RECORDS PROVIDED:
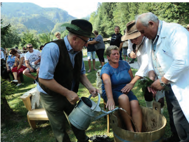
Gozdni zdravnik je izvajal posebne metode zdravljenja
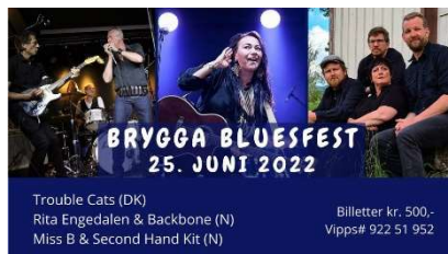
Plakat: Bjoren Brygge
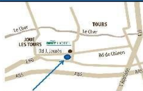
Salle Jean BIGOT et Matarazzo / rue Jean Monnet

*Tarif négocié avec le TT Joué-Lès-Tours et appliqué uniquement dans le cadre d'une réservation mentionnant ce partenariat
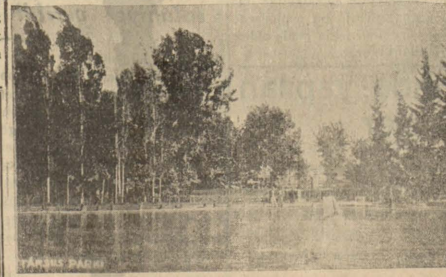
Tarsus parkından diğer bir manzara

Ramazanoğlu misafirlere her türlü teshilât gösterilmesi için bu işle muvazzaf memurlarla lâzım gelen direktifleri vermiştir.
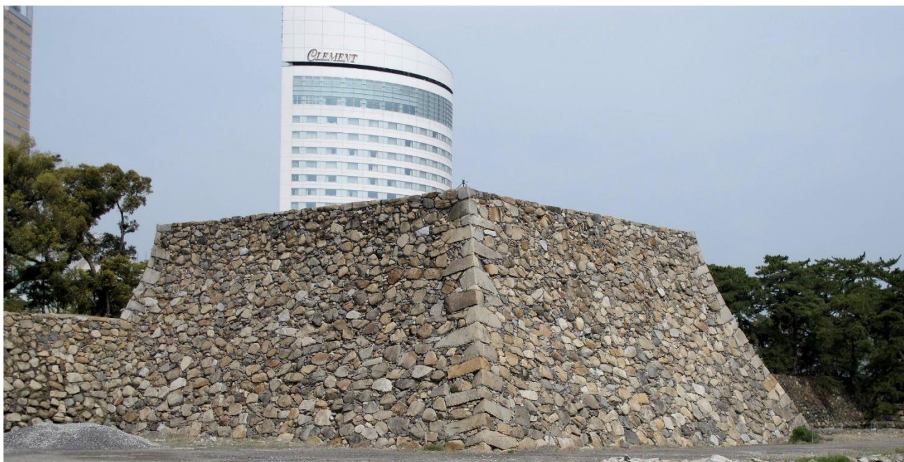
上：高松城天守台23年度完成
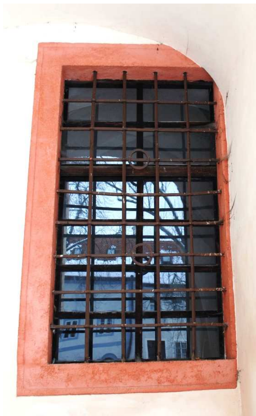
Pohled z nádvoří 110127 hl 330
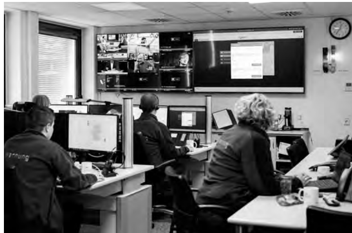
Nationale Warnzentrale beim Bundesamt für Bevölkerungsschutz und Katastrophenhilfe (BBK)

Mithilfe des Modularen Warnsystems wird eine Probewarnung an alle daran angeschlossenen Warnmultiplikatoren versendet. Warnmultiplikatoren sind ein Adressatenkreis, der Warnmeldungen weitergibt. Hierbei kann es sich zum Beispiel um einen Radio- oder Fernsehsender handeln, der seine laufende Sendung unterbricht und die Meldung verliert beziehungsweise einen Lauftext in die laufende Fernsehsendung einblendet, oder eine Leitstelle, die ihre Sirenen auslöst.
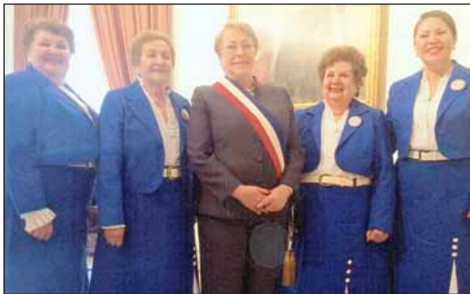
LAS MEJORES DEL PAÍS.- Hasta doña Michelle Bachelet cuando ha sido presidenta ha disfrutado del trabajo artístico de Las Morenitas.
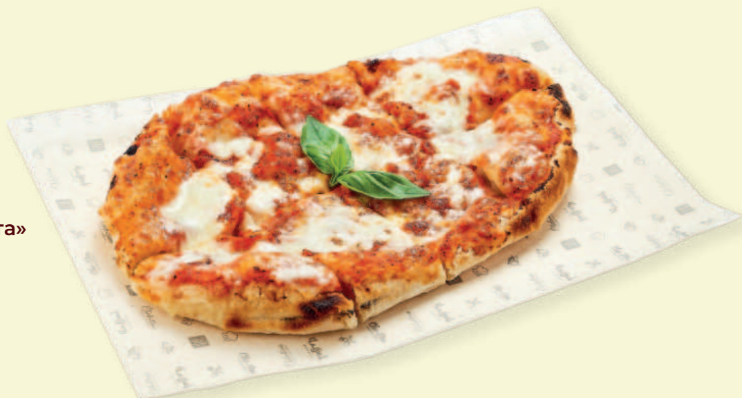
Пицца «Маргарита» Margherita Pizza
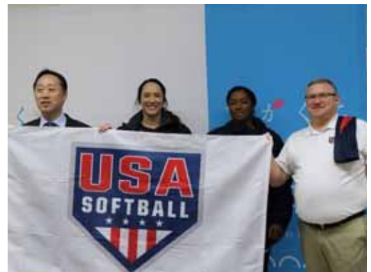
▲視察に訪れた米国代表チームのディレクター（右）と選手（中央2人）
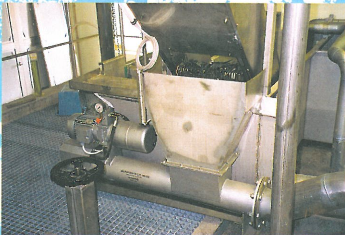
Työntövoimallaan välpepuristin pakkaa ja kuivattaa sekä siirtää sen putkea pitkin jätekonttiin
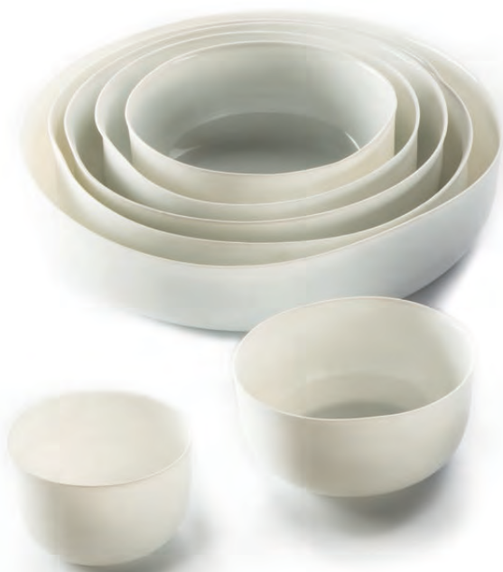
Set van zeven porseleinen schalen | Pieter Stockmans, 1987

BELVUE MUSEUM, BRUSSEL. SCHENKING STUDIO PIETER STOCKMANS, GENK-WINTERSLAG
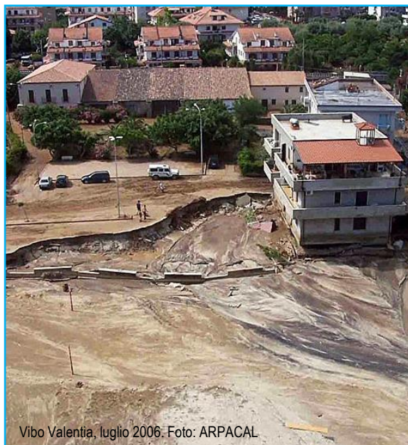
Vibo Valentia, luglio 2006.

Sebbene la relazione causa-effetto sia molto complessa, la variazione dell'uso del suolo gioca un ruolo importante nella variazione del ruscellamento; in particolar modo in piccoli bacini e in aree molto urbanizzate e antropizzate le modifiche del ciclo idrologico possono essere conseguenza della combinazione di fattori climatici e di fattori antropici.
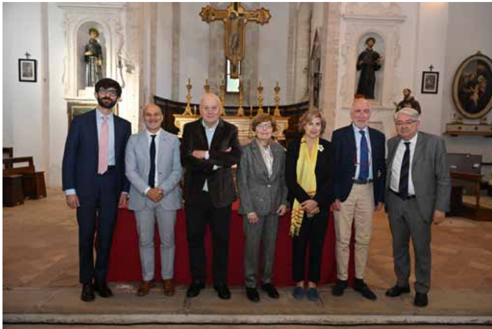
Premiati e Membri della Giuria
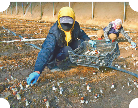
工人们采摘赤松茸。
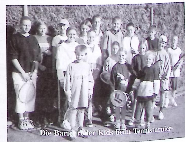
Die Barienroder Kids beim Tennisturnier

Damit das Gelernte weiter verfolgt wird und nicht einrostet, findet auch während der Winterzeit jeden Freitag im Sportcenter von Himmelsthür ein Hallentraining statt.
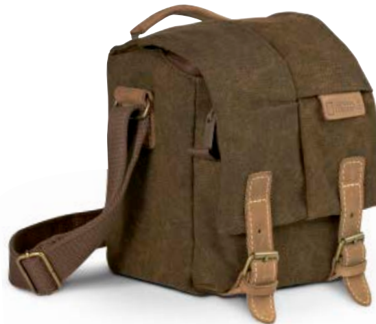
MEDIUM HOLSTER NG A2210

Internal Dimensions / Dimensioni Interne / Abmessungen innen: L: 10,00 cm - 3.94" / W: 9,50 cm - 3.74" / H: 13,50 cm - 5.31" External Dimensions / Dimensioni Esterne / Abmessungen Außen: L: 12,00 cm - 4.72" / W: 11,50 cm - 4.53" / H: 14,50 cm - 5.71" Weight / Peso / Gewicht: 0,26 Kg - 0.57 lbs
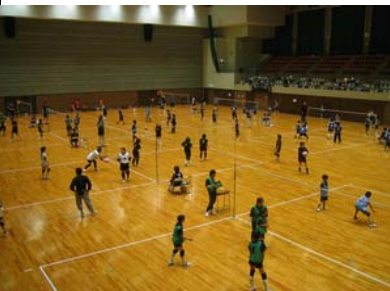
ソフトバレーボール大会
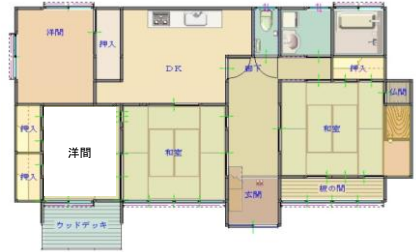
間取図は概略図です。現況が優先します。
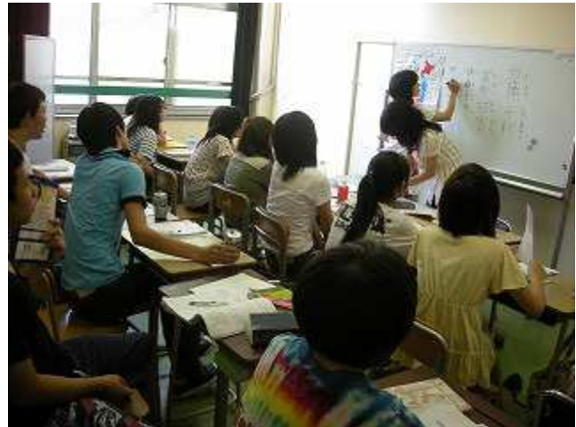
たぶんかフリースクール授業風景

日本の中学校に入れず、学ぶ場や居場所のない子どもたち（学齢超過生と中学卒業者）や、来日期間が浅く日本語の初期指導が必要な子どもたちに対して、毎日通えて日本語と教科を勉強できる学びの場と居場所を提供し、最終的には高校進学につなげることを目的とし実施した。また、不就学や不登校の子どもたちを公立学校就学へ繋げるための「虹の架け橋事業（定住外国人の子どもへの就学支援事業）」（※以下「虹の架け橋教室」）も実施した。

WHAT YOU SHOULD DO: For the string "della", give the number of lines in the records that contain it and nothing besides.

WRITTEN ANSWER: 2